Scientific classification
- Kingdom: Animalia
- Phylum: Arthropoda
- Subphylum: Chelicerata
- Class: Arachnida
- Order: Araneae
- Infraorder: Araneomorphae
- Family: Thomisidae
- Genus: Thomisops
- Species: T. granulatus
- Binomial name: Thomisops granulatus Dippenaar-Schoeman, 1989

= Thomisops granulatus =

- Authority: Dippenaar-Schoeman, 1989
- Conservation status: LC

Species of spider

Thomisops granulatus is a species of crab spider in the family Thomisidae. It is endemic to southern Africa, where it is found in South Africa and Zimbabwe.

==Etymology==
The specific name granulatus refers to the coarse granulation of the body, which is a distinctive characteristic of this species.

==Distribution==
Thomisops granulatus is known from South Africa and Zimbabwe. In South Africa, it has been recorded from the Eastern Cape and KwaZulu-Natal provinces. The species occurs at elevations ranging from 15 to 345 metres above sea level.

Specific localities include the Buffalo River Pass in the Eastern Cape, and several sites in KwaZulu-Natal including Hluhluwe Nature Reserve, Dukuduku Forest Station, and the Umhlatuze River mouth.

==Habitat==
Thomisops granulatus is free-living on plants and has been collected from grass and herbs using sweep nets.

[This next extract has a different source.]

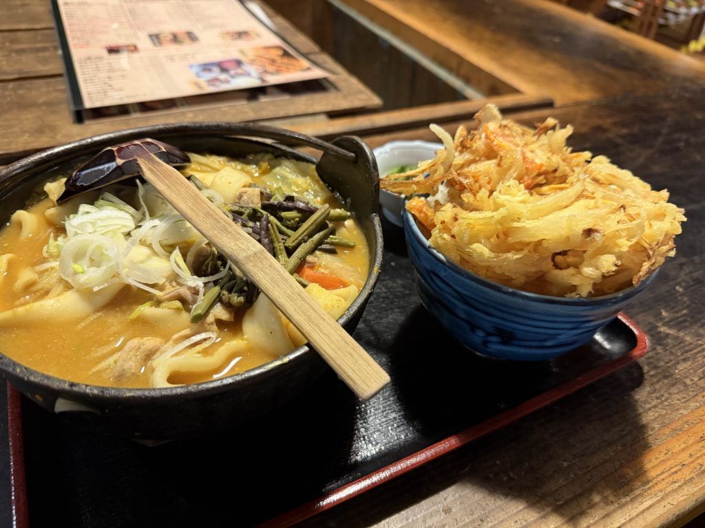 古民家風の民芸調な内装の雰囲気がとても良く、ほうとうも大盛り、かき揚げ丼もボリューム満点!

The species inhabits Forest, Savanna, and Thicket biomes. It has been found in areas where both ants and termites are abundant, suggesting a possible association with these insects.

==Description==

Thomisops granulatus is distinguished by its very coarse granulation of the carapace and legs, making it unique among species in the genus Thomisops. It is the only species in the genus whose leg segments have distinct tubercles topped with club-shaped setae.

Females are larger than males and have a total length of 4 mm. The female carapace is yellowish brown, darker at the sides, with a clear white rim around the lateral edge. The opisthosoma is creamy white with a few irregular small dark spots. The sternum is yellow with a black rim. The legs have distinctive mottled patterns with white, pale yellow, and brown coloration.

The female carapace is 1.5 times wider posteriorly than anteriorly and is almost triangular in shape with a truncated anterior end. The integument is granulous and clothed with numerous round, polyp-like tubercles, each bearing a brown club-shaped curved seta. The epigyne has spermathecal orifices that are circular in shape on both sides.

Males are darker and smaller than females, with a total length of 2.36 mm. The male carapace is 1.3 times wider posteriorly than anteriorly and is dark brown with a white rim around the edge. The opisthosoma is flattened and shield-like in appearance, yellow with irregular black patches and grey sides mottled with white.

Juveniles are paler in colour and strongly mottled, with white tubercles bearing very prominent setae.

==Conservation==
Thomisops granulatus is classified as Least Concern due to its wide geographical range. It is recorded from two protected areas: Dukuduku Forest Station and Hluhluwe Nature Reserve. No known threats have been identified, and no specific conservation actions are recommended.